Pulmonary hypertension criteria

Pulmonary hypertension (PH) refers to elevated blood pressure within the pulmonary circulation. The term pulmonary arterial hypertension (PAH) encompasses a spectrum of disorders that cause PH with a common histopathology and pathobiology^.56 The hallmark histopathologic lesion is plexogenic pulmonary arteriopathy.⁵⁷

Normal mean pulmonary artery (PA) pressure is 12 to 16 mm Hg. PH is defined as a mean PA pressure greater than 25 mm Hg at rest, or greater than 30 mm Hg on exertion. Alternatively, systolic PA pressure greater than 40 mm Hg is also considered to be PH.⁵⁸ Pulmonary arterial hypertension (PAH) is defined as a mean PA pressure greater than 25 mm Hg at rest (or 30 mm Hg with exercise), with a concomitant pulmonary capillary wedge pressure less than 15 mm Hg and a pulmonary vascular resistance (PVR) greater than 3 Woods units¹⁴ or 240 dyn•sec•cm^-5.

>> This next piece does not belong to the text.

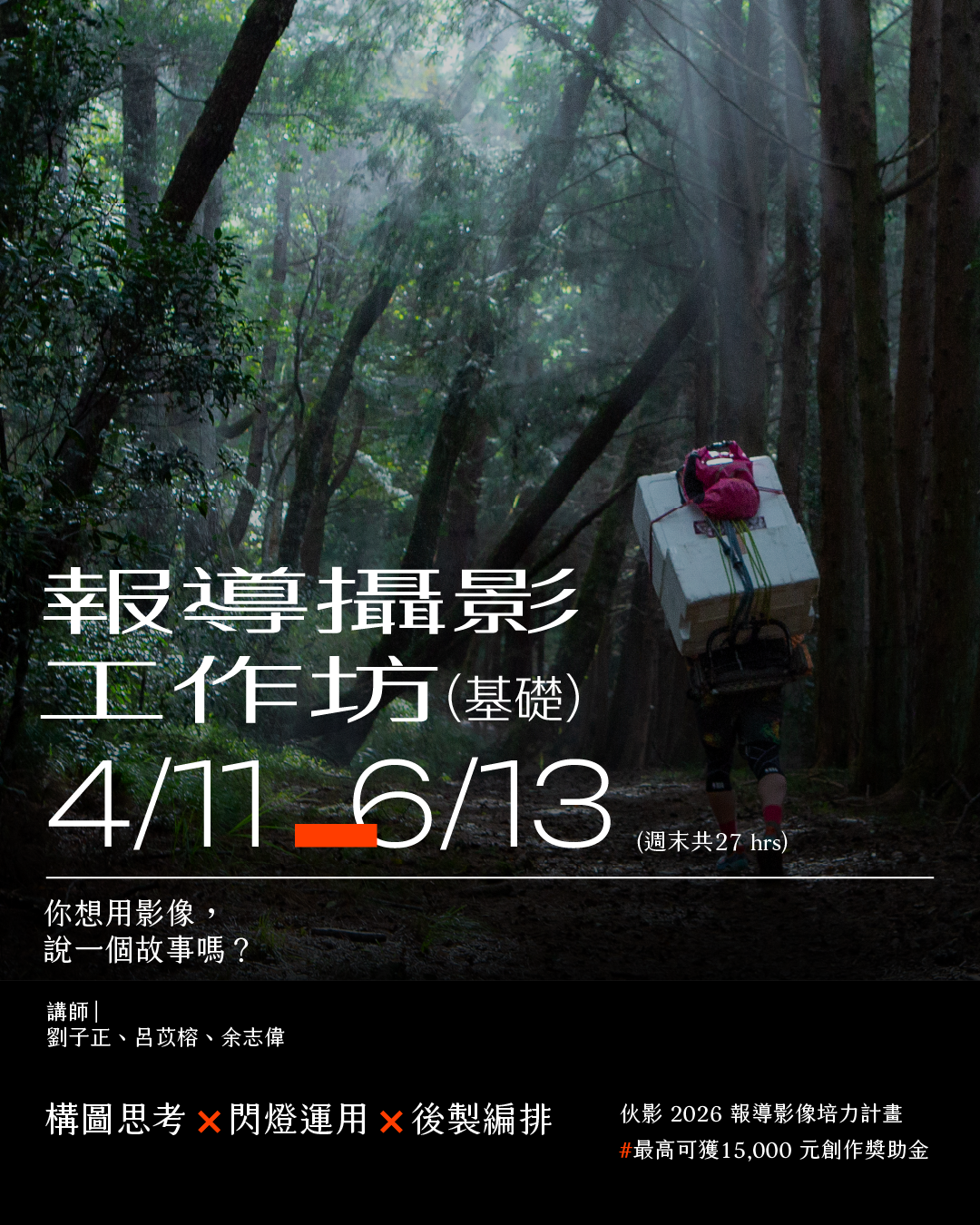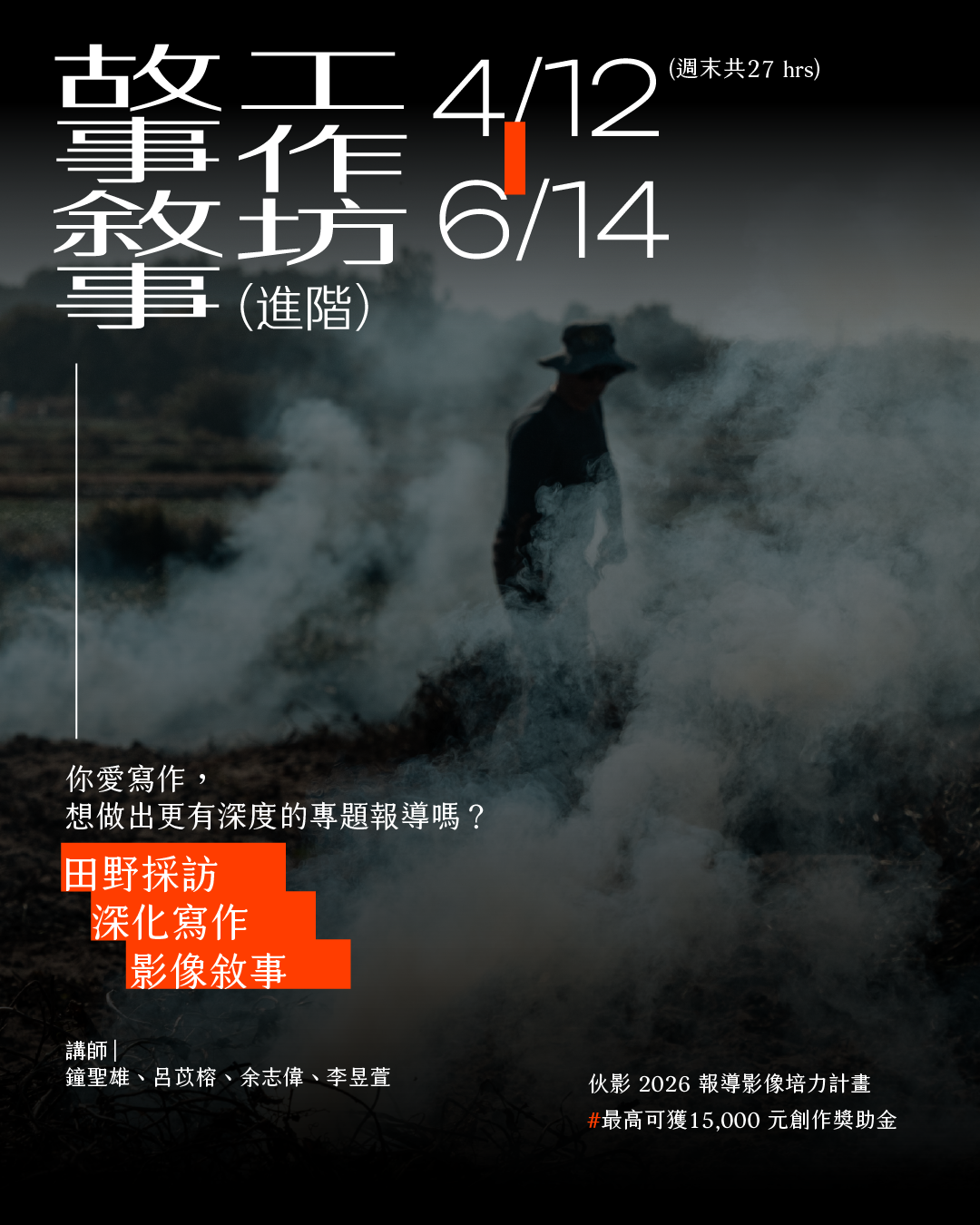 現在我們邀請你的加入,報名新一年度 2026 影像報導培力計畫,在業界導師和伙影成員的陪伴下,一起做伙走下去,用光與火點亮世界。在過去,人們會說世上有個 Magnum,而未來,人們將說台灣有個「伙影」。

Choosing from among improved therapeutic options

Main therapeutic goals are to prevent or reverse vasoconstriction, inhibit smooth muscle proliferation, impede thrombosis, and thereby reduce right ventricular failure. Newer pharmacologic agents have improved outcomes for patients and may even obviate the need for surgery. Treating the underlying cause of PH may be helpful, such as immunosuppression for SLE¹⁸ or positive pressure in sleep-disordered breathing.¹⁹ Table 2 outlines therapeutic options, and Figure 2 presents a strategy for applying these options.

FIGURE 2
Treatment algorithm for pulmonary arterial hypertension

TABLE 2
Treatment options for pulmonary arterial hypertension

	Medication	SOR*	Route	Adverse effects	Cost ^†
Prostanoids	Epoprostenol	A	Intravenous	Line-related sepsis and thrombosis, jaw pain, fatal arrhythmia with sudden interruption	$$$$
	Treprostinil	B	Subcutaneous	Site pain (85%), jaw pain	$$$$
	Iloprost	B	Inhaled	Short half-life with intermittent benefit
Endothelin antagonists	Bosentan	A	Oral	Hepatotoxicity, teratogenicity, fluid retention	$$$
	Sitaxsentan	B
	Ambrisentan	C
PDE5 inhibitors	Sildenafil	B	Oral	Short half-life, retinopathy	$$
	Vardenafil	I		Short half-life
	Tadalafil	I
Surgical options	Lung transplant	C		Complicated procedure, lifelong immunosuppression	$$$$
Surgical options	Atrial septostomy	C		Invasive procedure, hypoxemia	$$
Conventional therapy	Diuretics	C		Electrolyte imbalance, dehydration, etc	$
	Digoxin	C		Higher mortality with high serum level	$
	Warfarin	C		Bleeding diathesis, dosing difficult in liver disease	$
	Calcium channel blockers	C		Harmful in vasodilator nonresponders	$
Note: The level of evidence implied by the strength of recommendation must not be confused with level of efficacy. Medications not currently approved by the FDA for any indication are listed in italics. Only epoprostenol, bosentan, and trepros-tinil are approved specifically for pulmonary arterial hypertension.
*SOR = strength of recommendation. A = Data derived from multiple randomized clinical trials or meta-analyses; B = Data derived from single randomized clinical trials or from multiple randomized clinical trials with heterogeneous results; C = Data derived from small randomized studies or consensus opinion of experts;⁵⁹ I = indeterminate, no data available, theoretical basis only. See “Evidence-based medicine terms” on page 995.